- _Required work_:
Of the lines in the data below, write out exactly those from the one holding "Battaglia di Solferino" through the one holding "与此同时,受全行业内存短缺影响,苹果两款备受期待的 Mac 新品", both included.

- _Data excerpts_:
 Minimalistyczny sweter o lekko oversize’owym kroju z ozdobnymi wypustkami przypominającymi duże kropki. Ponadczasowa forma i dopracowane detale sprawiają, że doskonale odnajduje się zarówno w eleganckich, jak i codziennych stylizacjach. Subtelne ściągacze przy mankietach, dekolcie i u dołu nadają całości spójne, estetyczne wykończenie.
---
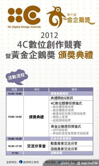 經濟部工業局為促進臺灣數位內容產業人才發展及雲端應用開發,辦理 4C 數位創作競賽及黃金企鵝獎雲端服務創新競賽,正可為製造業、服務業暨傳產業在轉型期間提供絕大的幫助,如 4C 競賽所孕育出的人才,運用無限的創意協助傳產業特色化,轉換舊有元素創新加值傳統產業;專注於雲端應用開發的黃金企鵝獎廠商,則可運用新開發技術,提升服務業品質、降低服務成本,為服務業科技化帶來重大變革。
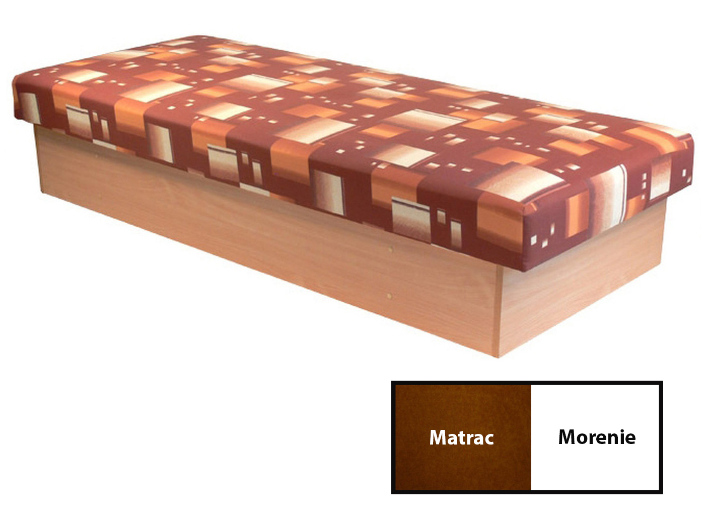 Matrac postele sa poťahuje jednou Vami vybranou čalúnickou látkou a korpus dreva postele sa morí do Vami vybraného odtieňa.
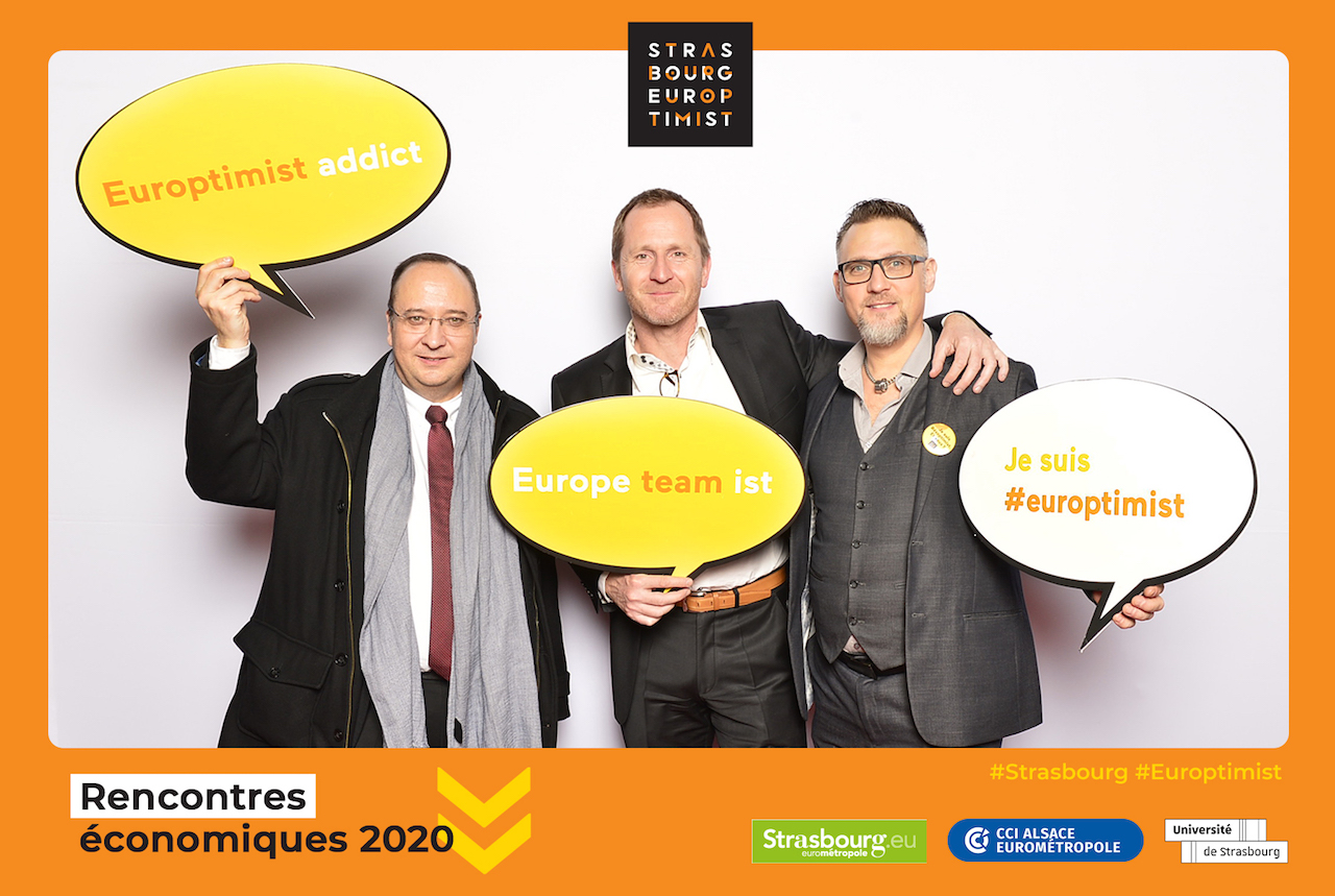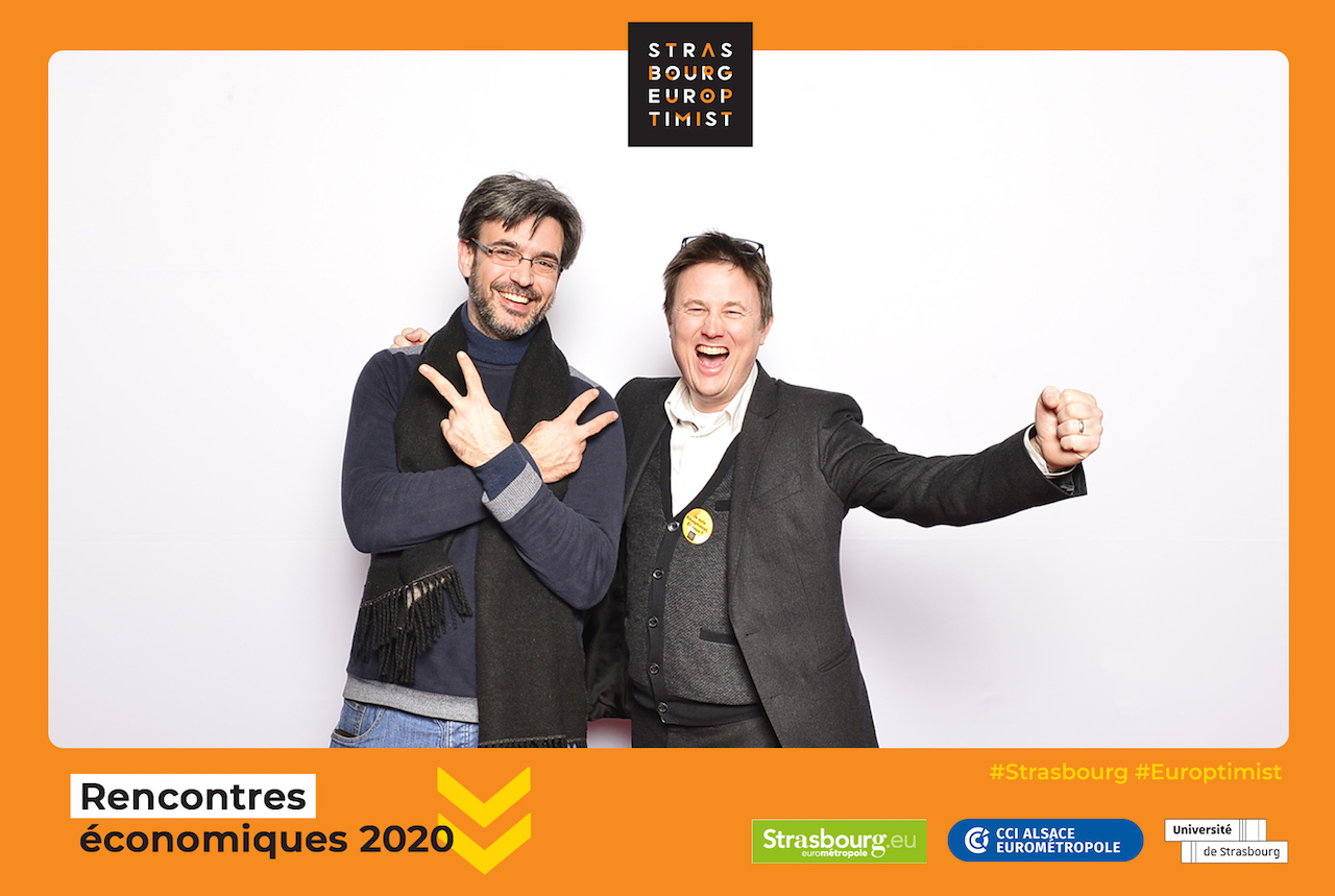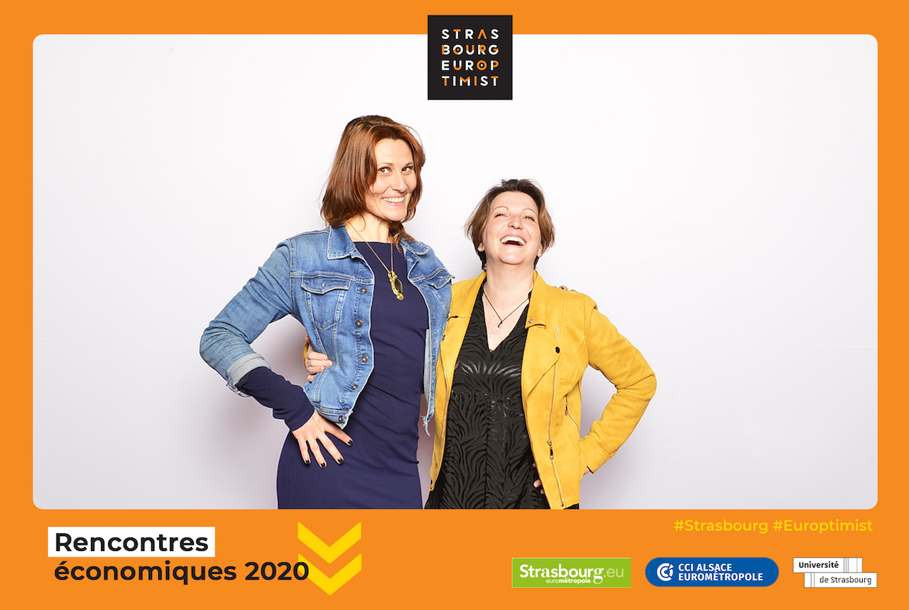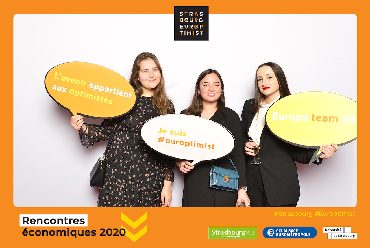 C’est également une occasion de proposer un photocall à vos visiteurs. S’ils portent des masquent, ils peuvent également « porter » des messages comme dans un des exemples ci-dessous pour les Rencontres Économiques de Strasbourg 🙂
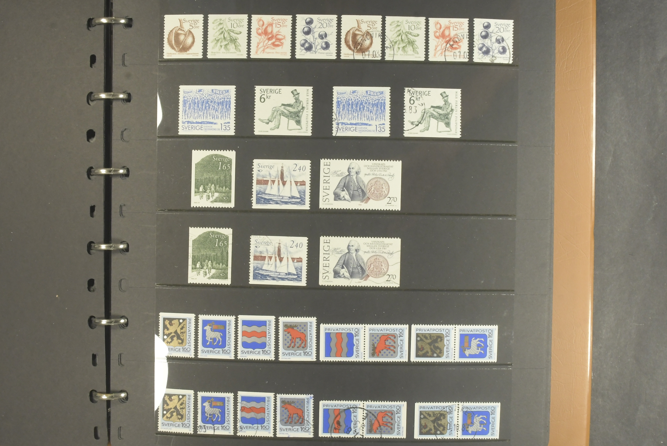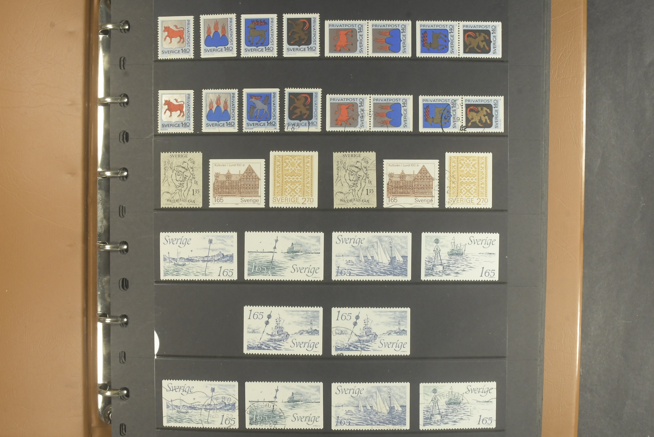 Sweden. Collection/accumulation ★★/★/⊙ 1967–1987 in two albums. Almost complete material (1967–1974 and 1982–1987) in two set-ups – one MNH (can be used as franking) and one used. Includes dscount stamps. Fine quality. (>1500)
* * *
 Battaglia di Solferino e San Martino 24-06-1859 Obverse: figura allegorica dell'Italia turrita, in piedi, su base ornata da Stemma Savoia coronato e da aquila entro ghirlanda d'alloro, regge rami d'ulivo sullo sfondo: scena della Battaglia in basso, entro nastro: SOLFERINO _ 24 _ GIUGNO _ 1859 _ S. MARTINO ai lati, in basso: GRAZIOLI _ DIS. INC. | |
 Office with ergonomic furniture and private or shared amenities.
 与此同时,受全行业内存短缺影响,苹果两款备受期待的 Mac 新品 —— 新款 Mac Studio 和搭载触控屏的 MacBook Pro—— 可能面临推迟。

- _Answer for the task_:
 Battaglia di Solferino e San Martino 24-06-1859 Obverse: figura allegorica dell'Italia turrita, in piedi, su base ornata da Stemma Savoia coronato e da aquila entro ghirlanda d'alloro, regge rami d'ulivo sullo sfondo: scena della Battaglia in basso, entro nastro: SOLFERINO _ 24 _ GIUGNO _ 1859 _ S. MARTINO ai lati, in basso: GRAZIOLI _ DIS. INC. | |
 Office with ergonomic furniture and private or shared amenities.
 与此同时,受全行业内存短缺影响,苹果两款备受期待的 Mac 新品 —— 新款 Mac Studio 和搭载触控屏的 MacBook Pro—— 可能面临推迟。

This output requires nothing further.